I'm working on a library that can send structured messages back and forth across the network. The library has a Send method that takes takes an Action as a callback. When Send is called, the message is sent to the server, when a response is received to that message the stored callback is retrieved and executed.

This all works perfectly, but I would like to add a SendAsync method that wraps Send so that async / await can be used instead of directly passing an Action . I've gotten it to work, but I don't know If I'm doing it correctly, or if I'll run in to problems later. There is one line in particular that is really bothering me.

Send looks like this:

public void Send(Packet packet, Action<Response> callback)
{
    if (packet is Request)
    {
        RegisterResponseCallback(packet, callback);
    }
    Send(packet);
}

The async SendAsync looks like this:

public Task<Response> SendAsync(Request request)
{
    var tcs = new TaskCompletionSource<Response>();
    Send(request, (response) => { tcs.TrySetResult(response); });
    return tcs.Task;
}

I'm calling SendAsync a few time with this code, and I get the correct responses back in the correct order with the correct timing:

private async Task Connected()
{
    Console.WriteLine((await SendAsync(new EchoRequest() { Text = "Test 1" })).Message);
    Console.WriteLine((await SendAsync(new EchoRequest() { Text = "Test 2" })).Message);
    Console.WriteLine((await SendAsync(new EchoRequest() { Text = "Test 3" })).Message);

The line that is bothering me is the one that calls Connected . It's inside a method that I don't want to mark async for various reasons.

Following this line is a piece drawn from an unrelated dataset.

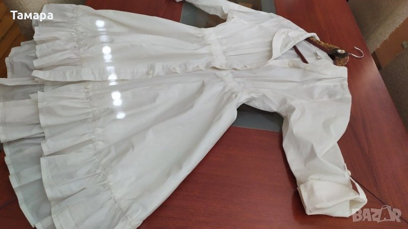 Бяла асиметрична риза-рокля от висококачествен памук с разкроена кройка.Носена два, три пъти.Отлично състояние.От кръста надолу плата е двоен,за да не прозира.Чудесна е:)

protected override void StatusChanged(NetIncomingMessage message)
{
    switch (message.SenderConnection.Status)
    {
        case NetConnectionStatus.Connected:
            _serverConnection = new ServerConnection(this, message.SenderConnection);
            (new Task(async () => { await Connected(); })).Start();
            break;
    }
}

Specifically, the line that reads (new Task(async () => { await Connected(); })).Start(); feels really "smelly" to me, but this was the only way I could figure out to get Visual Studio to stop giving me warnings.

Have I wrapped Send correctly for async /await, or will anything I've done here cause me problems further down the line? Is there a better way for me to call Connected ?

I think StatusChanged is an event handler? Thus you need async void .

protected override async void StatusChanged(NetIncomingMessage message)
{
    //use await here
}

EDIT Since it's not an event handler, and you have various reasons not to mark it async , the only suggestion I can give is: using Task.Run instead of new Task , it's probably the most suitable solution here if you don't want to change the signature of the method.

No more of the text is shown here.